International condemnation of Israel has mounted as a result of the severity of the recent Israeli attacks, their destabilizing effect on the region, and the intransigent and unrepentant attitude of the Israelis. In an August 29 statement, the French Government supported the Lebanese call for a Security Council meeting and noted that "Lebanon has been the target of systematic bombardment and attacks for several weeks... France firmly condemns all acts of violence against Lebanon, its citizens and institutions and also against the people to whom it has given asylum."

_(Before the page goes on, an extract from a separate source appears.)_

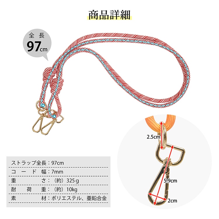 【サイズ】:ストラップ全長(約)97cm/コード幅(約)7mm
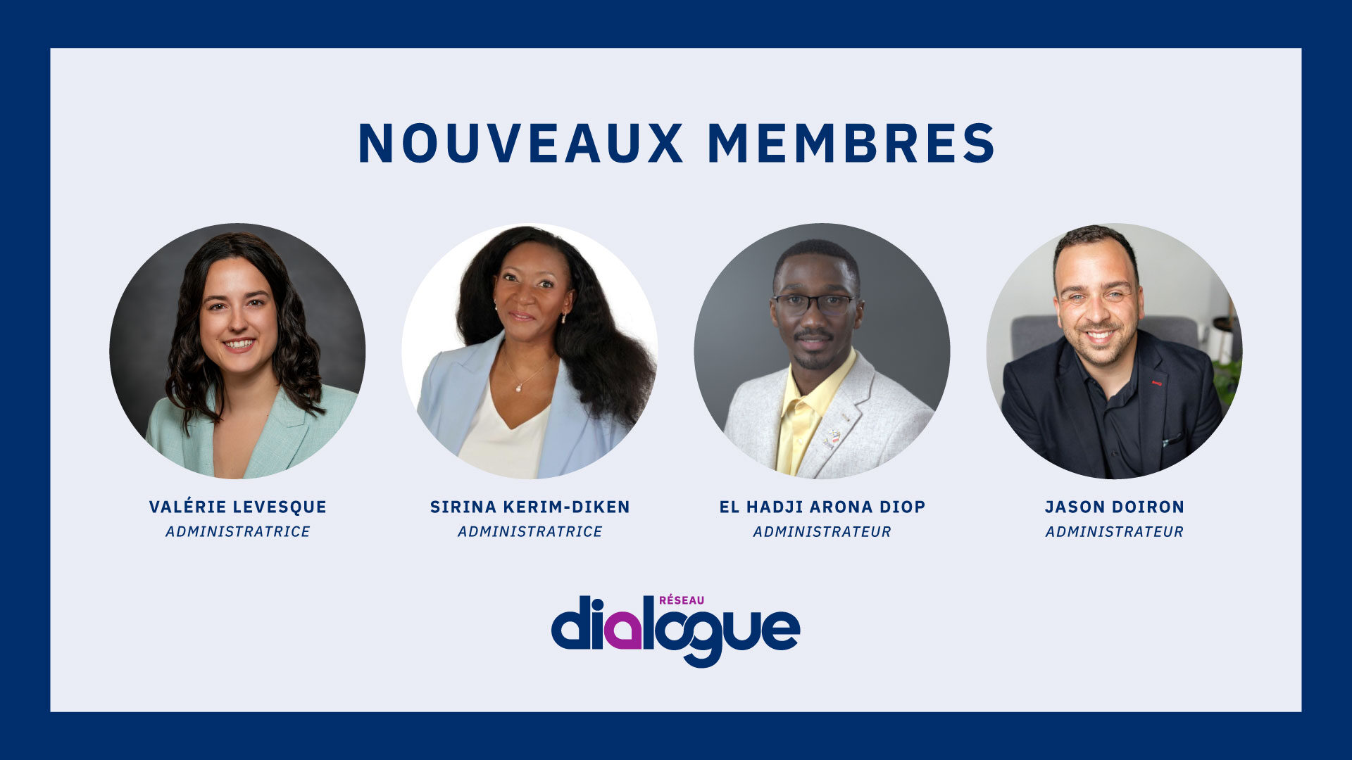 Le Réseau dialogue accueille quatre nouveaux membres du conseil d’administration, soit :

In concluding the Security Council debate on Lebanon, Andrew Young, outgoing U.S. Ambassador to the UN, gave a sharply-worded criticism of Israeli policy, with the "full authority of the United States government." Young said: "We condemn the policy of artillery shelling and pre-emptive attacks on Lebanese towns, villages, and refugee camps which Israel and the armed Lebanese groups Israel supports have followed in recent months... We cannot and do not agree with Israel's military policies in Lebanon. They are wrong and unacceptable to my government." Young's statement, the harshest U-S. criticism to date, reflects a growing U.S. concern that the explosive situation in South Lebanon will endanger the U.S.-engineered Israeli-Egyptian treaty and the "autonomy" talks now in progress, as well as harming U.S-Arab relations in general.

OPERATION LITANI II?

To date, Israeli leaders have shown themselves prepared to flaunt world, and even U.S., opinion to continue their military campaign in South Lebanon. With momentum developing for an international consensus affirming Palestinian rights, including the right of self-determination, Israel is responding in the language it knows so well: force. The ominous possibility exists of another Israeli expansion into Lebanon, similar to the March 1978 "Operation Litani" invasion. Such a massive invasion clearly has already been planned by Israeli strategists and like the original Operation Litani, will be implemented in Israel thinks the conditions are favorable.